Afghanistan: Girls urge Taliban to reopen schools as new academic year nears

A girls class at a school in the city of Kandahar. Sept. 2022. File photo.

With the new educational year set to start on March 22, Afghan girls are increasingly calling for the reopening of their schools, expressing concerns over their uncertain futures.

Since late 2021, secondary schools for girls have been closed, affecting over 1.1 million girls who are now out of school.

In an interview with Amu, Hamira, a student, shared her aspirations and frustrations. “I want to become a teacher, but the Taliban doesn’t allow me to study,” she said. The number of girls denied education is growing as the Taliban continue to keep their schools closed for the second consecutive year.

Shogofa, who has just completed grade six, is uncertain about her ability to continue her education. “I was in grade six. This year, I am in grade seven. I don’t know if the Taliban will allow it,” she expressed.

The closure extends beyond secondary schools, as the Taliban also shut down universities for female students in December 2022. University students reported struggling with mental pressure, anxiety, and depression due to being confined at home. Horia, a university student, lamented the disparity in educational opportunities: “The schools will open, but not for girls. Boys can continue their education, but girls are deprived of it.”
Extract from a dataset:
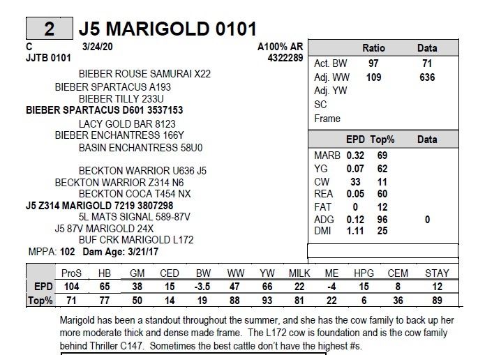 Marigold has been a standout throughout the summer, and she has the cow family to back up her more moderate thick and dense made frame. The L172 cow is foundation and is the cow family behind Thriller C147. Sometimes the best cattle don’t have the highest #s.

Taliban officials have not yet commented on whether they will reopen secondary and high schools for girls in the upcoming academic year. In March 2022, many girls were left in tears after being turned away from their schools.

At a gathering in Kabul on Thursday, Taliban Deputy Foreign Minister Sher Mohammad Abbas Stanikzai emphasized that education is “obligatory” for both men and women. Despite his public support for girls’ education, female students are calling for concrete actions to reopen their schools.

The Taliban has enforced strict restrictions on girls’ education and women’s work, including bans on school attendance above grade six and university education, as well as employment at NGOs. Despite international criticism, the Taliban leadership has shown no signs of easing these restrictions.